Catholic tradition uniquely illuminates this passage at several levels. First, the Catechism of the Catholic Church (§2112–2114) teaches that idolatry "consists in divinizing what is not God" and that it "perverts our innate sense of God." Far from confining the danger to carved statues, the Catechism explicitly names "power, pleasure, race, ancestors, the state, money" as modern idols — a direct echo of the Psalm's logic that precious materials (silver and gold) can become spiritually ruinous.
Second, St. Augustine in De Civitate Dei (Book VIII) develops the Psalm's insight into a philosophy of history: civilizations built on false gods are built on ontological emptiness and must inevitably collapse into the likeness of their idols — morally inert, unjust, unresponsive to truth.
Third, St. John of the Cross (Ascent of Mount Carmel, Book I) draws on precisely this Psalm-tradition to warn that inordinate attachment to any created good — even beautiful religious objects — can function as an idol that numbs the soul's capacity to receive God. The "mouth that cannot speak" becomes the soul that has lost the gift of contemplative prayer.
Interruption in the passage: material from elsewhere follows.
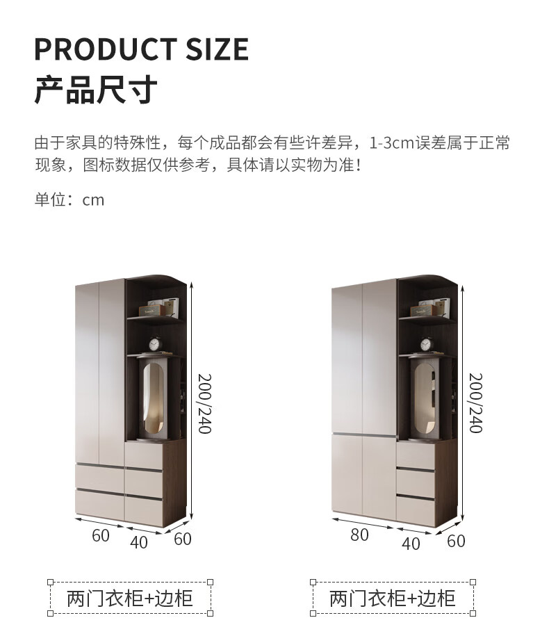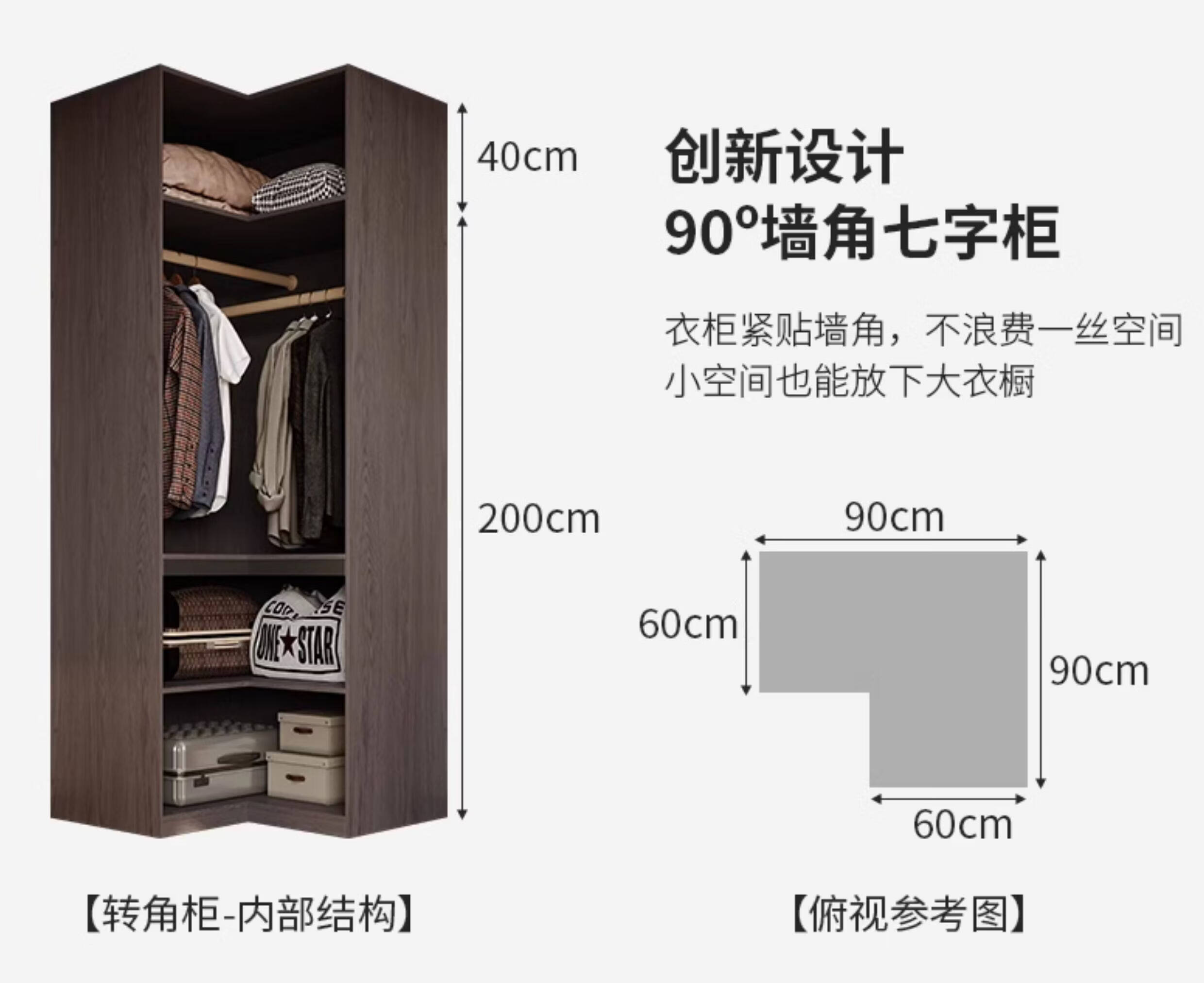 宜美芬 EMAYFUN实木ENF级定制衣柜家用卧室储物奶油风一门到顶平开门简约大衣橱 0.9*0.9配套转角柜【2.4米高】【18MM孕婴ENF级实木】

Fourth, the Second Council of Nicaea (787 AD), which defined the veneration of sacred images, is careful to distinguish latreia (worship due to God alone) from proskynesis (veneration of icons). The Council explicitly cites the idol-polemic of the Psalms to show that true Christian iconography is the opposite of idolatry: icons of Christ and the saints are windows to the living God precisely because the prototype is alive and personal. The idol is mute because no living reality stands behind it; Christ the Image of the invisible God (Colossians 1:15) speaks eternally.
A contemporary Catholic might be tempted to read this passage as comfortably irrelevant — we do not bow before golden statues. But Psalm 135:18 issues a precise diagnosis for modern spiritual malaise: we become like whatever receives our ultimate devotion. The person who organizes their entire life around financial security and spends hours each day managing portfolios while prayer shrinks to seconds gradually loses the capacity to hear God speak in silence — they become, spiritually, as deaf as the idol. The Catholic who consumes social media's algorithmically curated outrage as a primary lens on reality risks becoming as mute as the idol — unable to speak words of genuine mercy or truth, only to react.
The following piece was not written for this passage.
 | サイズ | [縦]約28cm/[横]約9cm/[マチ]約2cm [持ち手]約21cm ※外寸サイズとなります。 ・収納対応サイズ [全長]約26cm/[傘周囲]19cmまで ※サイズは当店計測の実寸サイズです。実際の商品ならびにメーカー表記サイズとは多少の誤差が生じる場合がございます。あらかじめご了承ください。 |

The practical application: perform a regular examination of conscience not only about sins committed but about what you are becoming. What do you think about most? What do you sacrifice most for? What disappoints you most deeply? The answers reveal your functional god. Then ask: is prayer becoming more alive or more rote? Is Scripture more intelligible or more opaque? Spiritual numbness is rarely the result of one dramatic apostasy; it is the slow likeness that forms when we feed daily on things that cannot hear us back.
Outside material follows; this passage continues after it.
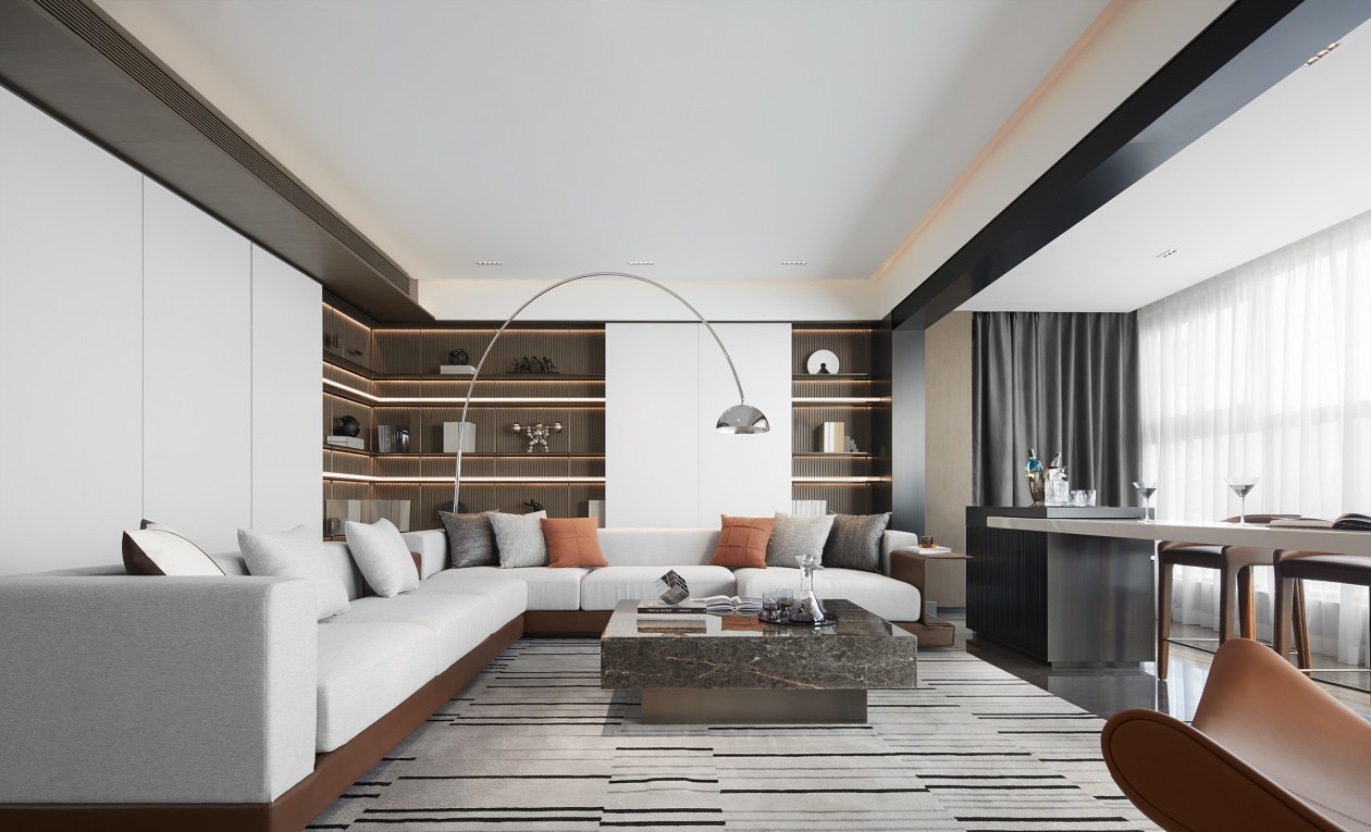 落地灯的延展形态牵引着视线跳跃,使得空间更具鲜活层次感。

Typological and Spiritual Senses Allegorically, the Church Fathers read idolatry as a figure for any attachment that usurps God's place. Origen saw the "idols of silver and gold" as a type of worldly philosophy and eloquence valued above divine revelation. Tropologically, the verse warns every Christian soul against the idols of comfort, reputation, sensual pleasure, or political ideology — all of which, when given ultimate devotion, produce the same spiritual deadness: a person who can no longer genuinely pray (speak to God) or hear His Word.